Читать книгу Тихий Мир. Сновидцы - Александр Гинзбург - Страница 3

Глава 2

Оглавление

– Лови! Лови! – закричала Нина, наблюдая, как громадный кусок брусничного джема сползает с ломтя пирога в руках Леонарда.

Леонард чересчур поздно сообразил, что происходит: он дёрнулся, и тем самым сделал катастрофу неотвратимой. На новеньких бежевых брюках появилось жирное пятно размером с мандарин, а закончилось драматическое падение джема на вычищенном с утра ковролине репетиционной комнаты.

– Ох, чёрт! Чёрт-чёрт-чёрт! – в отчаянии прошептал Леонард. Убрав недоеденный кусок пирога обратно в картонную коробку, он всплеснул измазанными джемом руками. – Ну всё, приехали. Уборщица мне голову открутит, она меня и так не любит. А потом ещё от Греты влетит. И брюки… Это ж бабулин подарок.

– Эй, спокойно, – нарочито сердито сказала Нина. – Сейчас всё исправим, – она полезла в сумку за влажными салфетками. – На, сперва вытри руки, – сама она опустилась на корточки и стала остервенело тереть салфеткой пятно на ковролине. Леонард послушно взял из упаковки пару салфеток и стал оттирать пальцы.

Убедившись, что её усилия ни к чему не приводят, пятно только увеличилось в размерах и ещё глубже въелось в ковролин, Нина задумчиво посмотрела на Леонарда и вдруг рассмеялась.

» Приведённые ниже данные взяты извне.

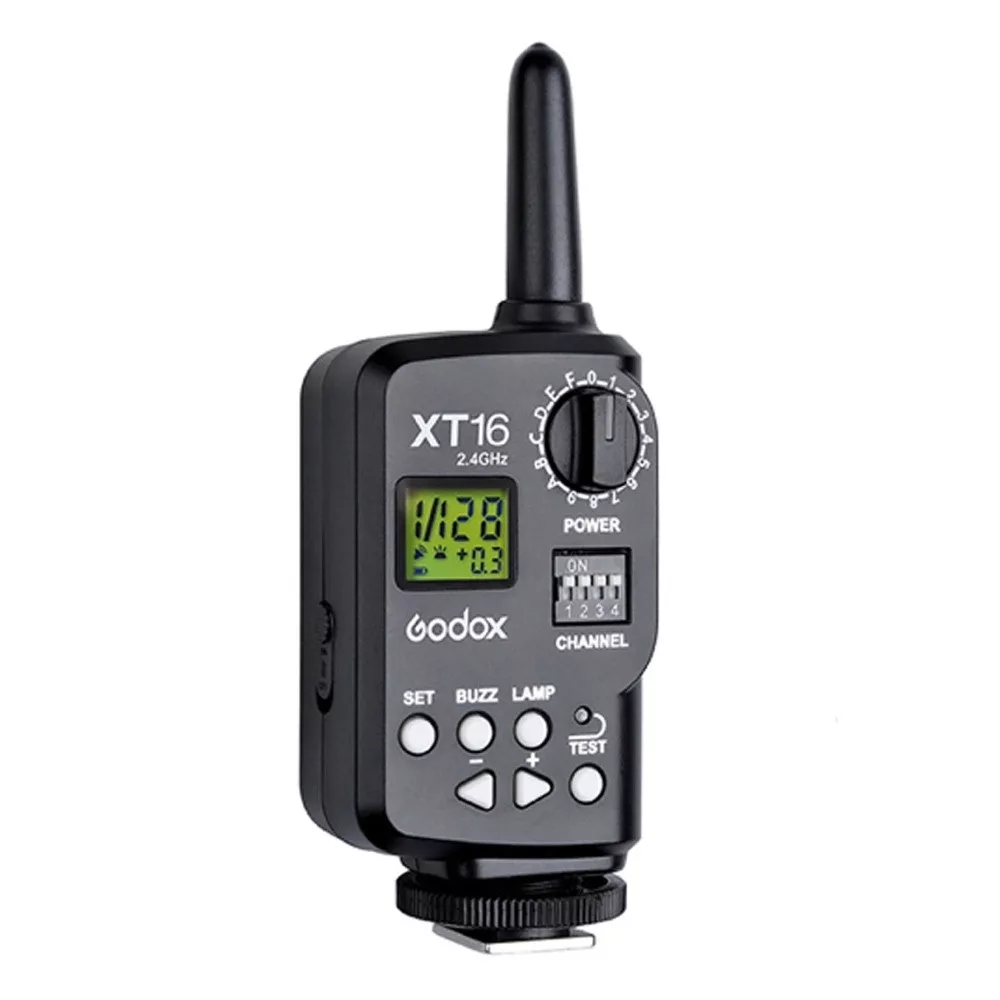 A Godox XT-16 Power Remote távirányítóval vezeték nélkül vezérelheti a Witstro sorozat, a QT sorozat, a Quicker D sorozat és a Gemini GT/GS sorozat Godox vakufejeit. A tárcsán keresztül 16 választható vakucsoporthoz férhet hozzá, A-tól F-ig és 0-tól 9-ig. Az egyes csoportok vaku intenzitását külön-külön állíthatja be az adó csatornatárcsájával. Lehetősége van egy adott flash csoport letiltására is. A vaku teljesítménye 3 Fé lépésekben állítható, 1/128-tól a teljes teljesítményig.

– Что? – расстроенно спросил Леонард. – Не вижу ничего смешного.

– Конечно, не видишь. Оно, это смешное, у тебя на лице!

Нина взяла ещё одну салфетку и аккуратно вытерла ему розовые разводы на щеках. Эти разводы сделали Леонарда удивительно похожим на недовольного карапуза, объевшегося вареньем.

– Я и сам мог, – застенчиво ответил Леонард. Ему явно очень нравилось, когда Нина проявляла о нём заботу, но он всеми силами это скрывал.  – Ладно, дам уборщице остатки пирога, может, не будет сильно ругаться. А с брюками что делать?

– Снимай, – пожала плечами Нина.

– Хм… Вот прямо так, сразу? А как же свечи, романтическая музыка? –  сострил Леонард, но Нина только укоризненно погрозила ему пальцем.

– Разбежался. Переодевайся в спортивные, эти я сама дома постираю, а бабушке ничего не говори.

– Спасибо. Ты настоящий друг!

Придерживая рукой перепачканную штанину, хоть в этом и не было никакого смысла, Леонард заковылял в угол репетиционной, за ширму. Пока он переодевался, Нина украдкой приоткрыла коробку и сунула в рот пару засахаренных ягод.

– Кстати, пирог отличный, спасибо, что угостил. Надо будет попросить у твоей бабушки рецепт, – крикнула она, облизнув пальцы.

– Ты же почти ничего не съела, – голова Леонарда показалась из-за ширмы и тут же снова исчезла.

– Ну так не один ты следишь за фигурой, – съязвила Нина.

– Нина…

– Что?

– Я пакет со спортивными штанами оставил в гардеробе, –  Леонард снова высунулся из-за ширмы и сделал максимально жалостливое выражение лица. – А я же не могу по театру ходить с таким… Ты не будешь так добра, ну, это…

Ничего не ответив и лишь тяжело и многозначительно вздохнув, Нина вышла из репетиционной и направилась к лестнице. В другой ситуации она бы не позволила партнёру так собой помыкать, но спорить уже некогда, у них кончалось забронированное в репетиционной время. Им ещё надо пройти самый конец сцены, а потом сюда нагрянут Йозеф и Мелани, им тоже надо репетировать.

До большого показа подготовленных сцен постановщику осталось всего три дня.

Всю последнюю неделю Нина буквально места себе не находила от волнения. Она догадывалась, что и Леонард тоже переживает, хоть и всеми силами скрывает это. Но Леонард рисковал куда меньше: если Парсли останется ими недоволен, Леонарда просто вернут в детские спектакли, а вот Нину… Нину попросту уволят и будут срочно искать замену.

Чтобы быть более уверенной в успехе, Нина упросила Леонарда репетировать с ней каждый день, причём даже те сцены, в которых сам Леонард не участвовал. Леонард без раздумий согласился, за что Нина была ему чрезвычайно признательна.

К сожалению, Леонард оказался едва ли не единственным актёром труппы, который относился к Нине по-дружески. С другими артистами отношения у Нины с самого начала складывались не лучшим образом. Нет, открытой враждебности к ней никто не проявлял – за одним исключением – но в общении с Ниной практически все демонстрировали вежливую холодность, а порой даже лёгкое высокомерие. Как позднее по секрету объяснил Леонард, между актёрами прошёл слух, что «богатенький папочка» Нины заплатил за то, чтобы дочь взяли в труппу, причём сразу в премьерный спектакль. И хотя никаких доказательств тому предъявлено не было, многие поверили.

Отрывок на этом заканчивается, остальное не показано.